→ **Stored records**
╭──
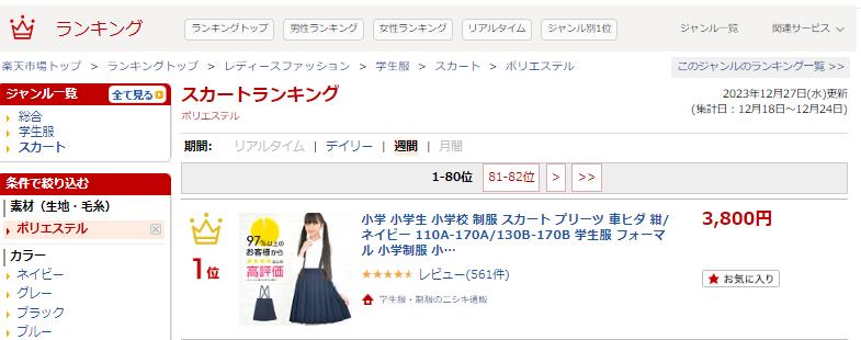 楽天市場トップ > ランキングトップ > レディースファッション > 学生服 > スカート
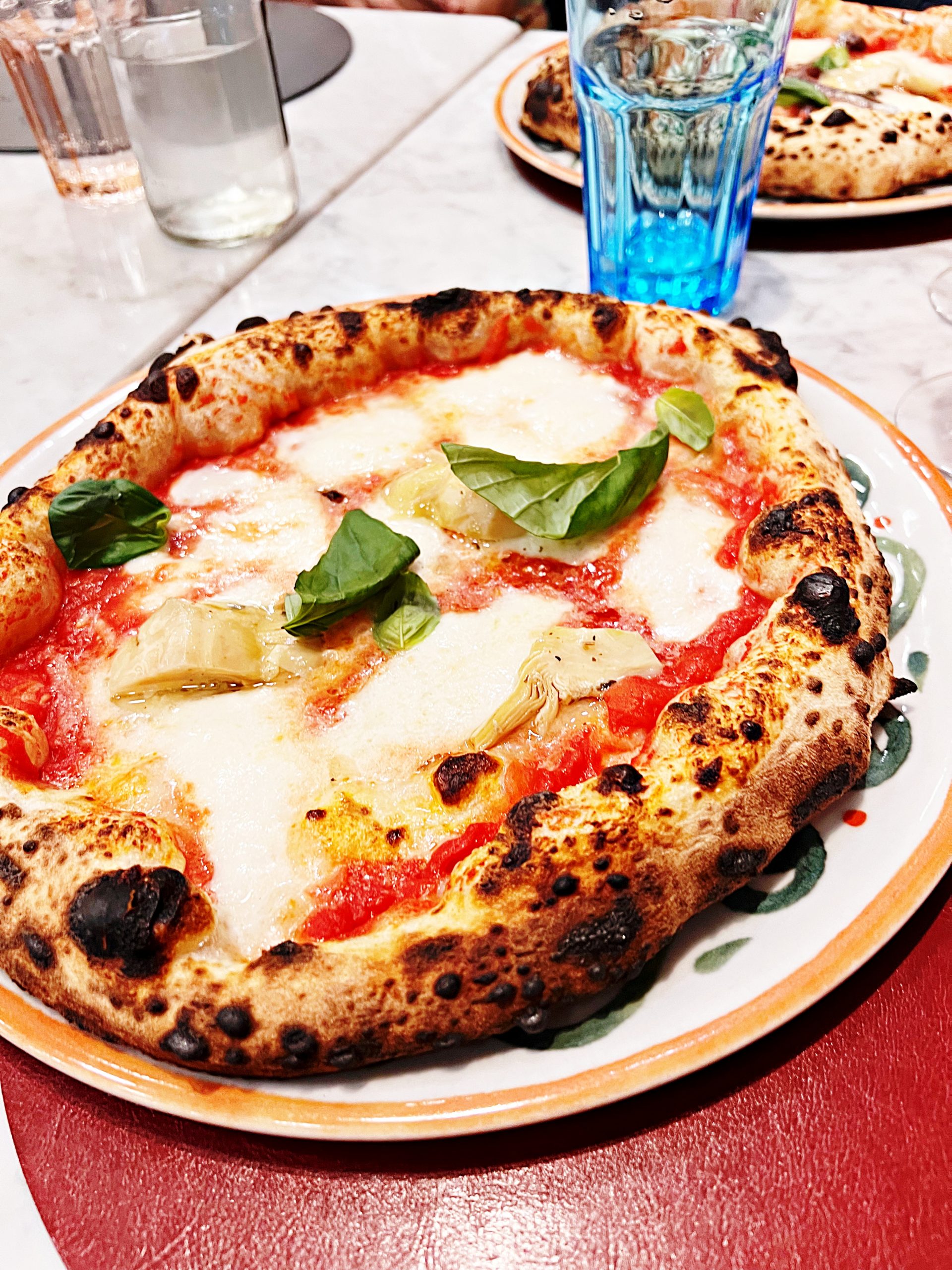 He makes me a pizza, patting and shoving a disk of dough, smeared with tomato sauce and scattered with buffalo mozzarella, into the domed red mosaic pizza oven. A minute later the peel is removed, revealing a puffy, charred, smoking pizza.
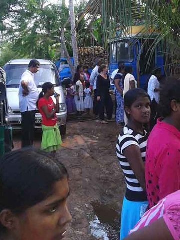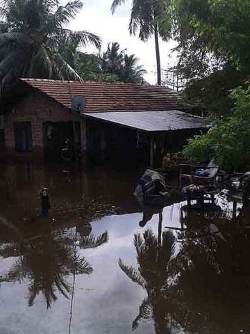 Mit den ersten 50 Hilfspaketen machten wir uns in 2 Gruppen auf den Weg, um ca. 200 Flutopfer mit dem Nötigsten zu unterstützen. Bereits wenige Kilometer von Marawila entfernt, im Nachbarort Nattandiya, sahen wir die ersten schlimmen Überflutungen. Ganze Straßen und Häuser stehen komplett unter Wasser und auch unsere Mädchen waren sehr schockiert über die Zustände, in denen manche Menschen leben müssen.
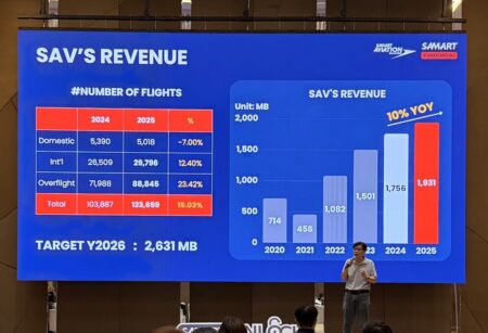 Backlog ณ สิ้นปีมีมูลค่ามากกว่า 8.700 ล้านบาท โดยปีนี้ตั้งเป้ารายได้ทั้งกลุ่มที่ 6,800 ล้านบาท โดยเป็นของ บมจ.สามารถ เอวิเอชั่น โซลูชั่น หรือ SAVประมาณ 2,600 ล้านบาท เติบโตขึ้น 30% ด้วยโอกาสทางธุรกิจหลายด้าน โดยเฉพาะจากการเข้าประมูลโครงการ จำนวน 2 โครงการ มูลค่ารวมกว่า 2,300 ล้านบาท ควบคู่กับรายได้จากบริการ Overflight ที่มีแนวโน้มเติบโตอย่างต่อเนื่องตามปริมาณการบินที่เพิ่มขึ้น ซึ่งได้รับแรงหนุนจากการฟื้นตัวของการเดินทางระหว่างประเทศ โดยเฉพาะเส้นทางจากเวียดนามและจีน
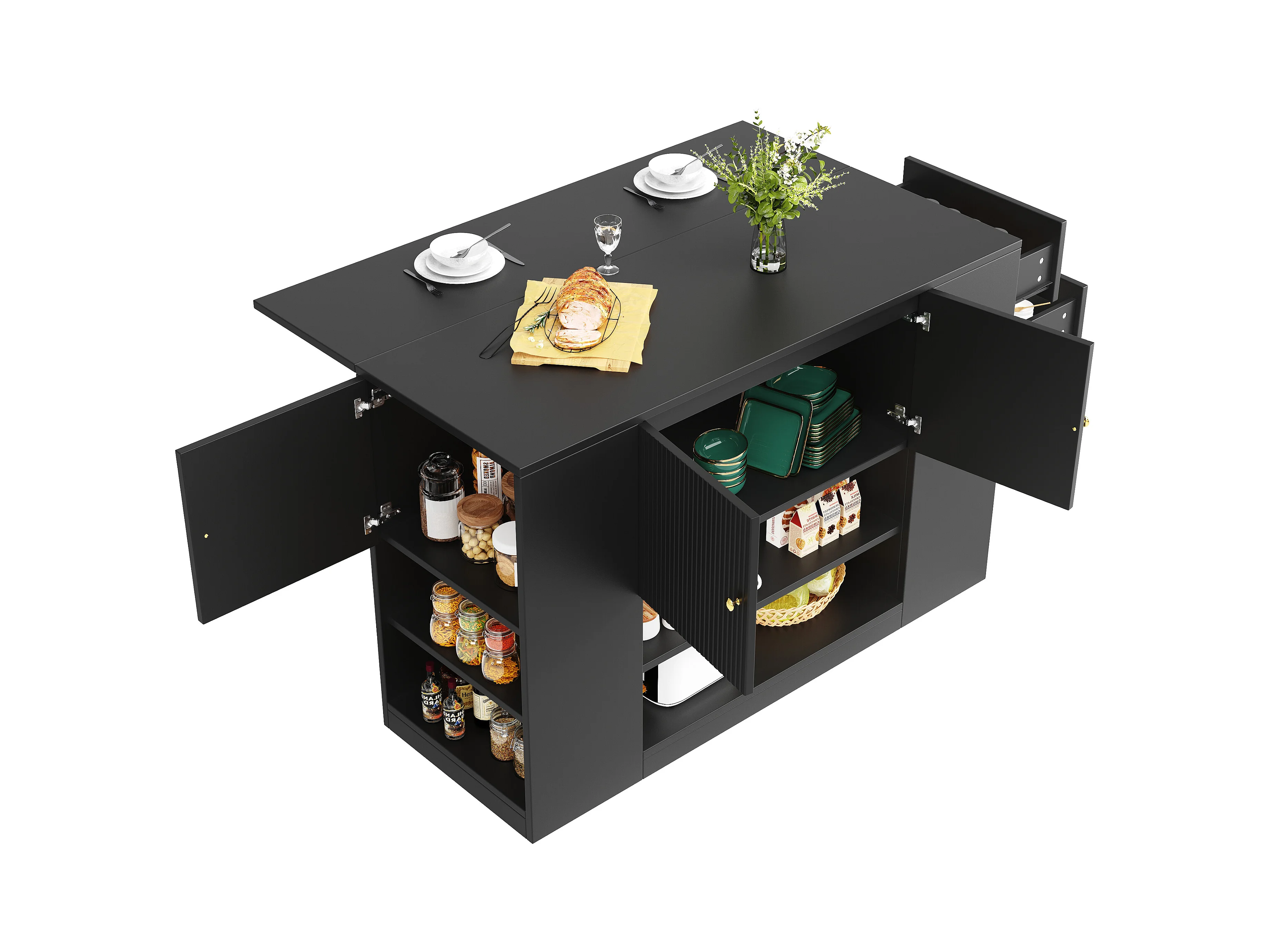 Ilot central de cuisine - Plateau extensible - 2 tiroirs et 3 portes - Avec des étagères ouvertes - MDF - Noir
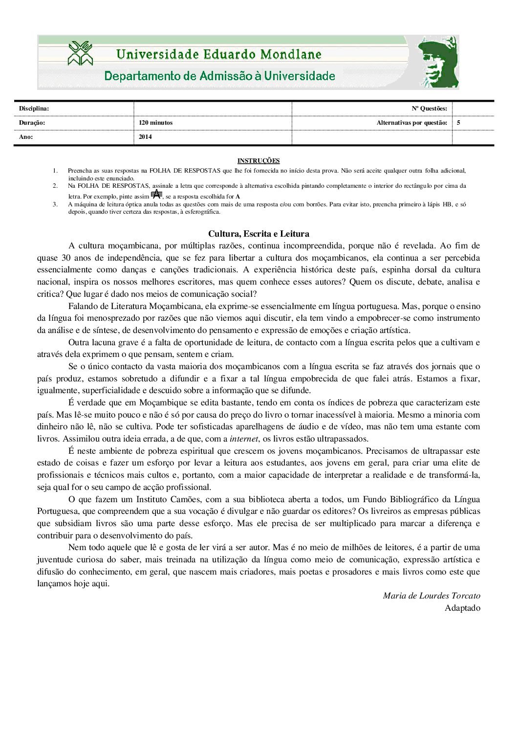 Português III – 2024 da UEM (Enunciado do Exame em PDF) - Baixar este documento em PDF para uso no seu ambiente académico...
╰──
→ **PROBLEM DETAILS**
Restate the lines of the records exactly, starting at the first and stopping after the line with "He makes me". Leave out any picture.

→ **SOLUTION**
 楽天市場トップ > ランキングトップ > レディースファッション > 学生服 > スカート
 He makes me a pizza, patting and shoving a disk of dough, smeared with tomato sauce and scattered with buffalo mozzarella, into the domed red mosaic pizza oven. A minute later the peel is removed, revealing a puffy, charred, smoking pizza.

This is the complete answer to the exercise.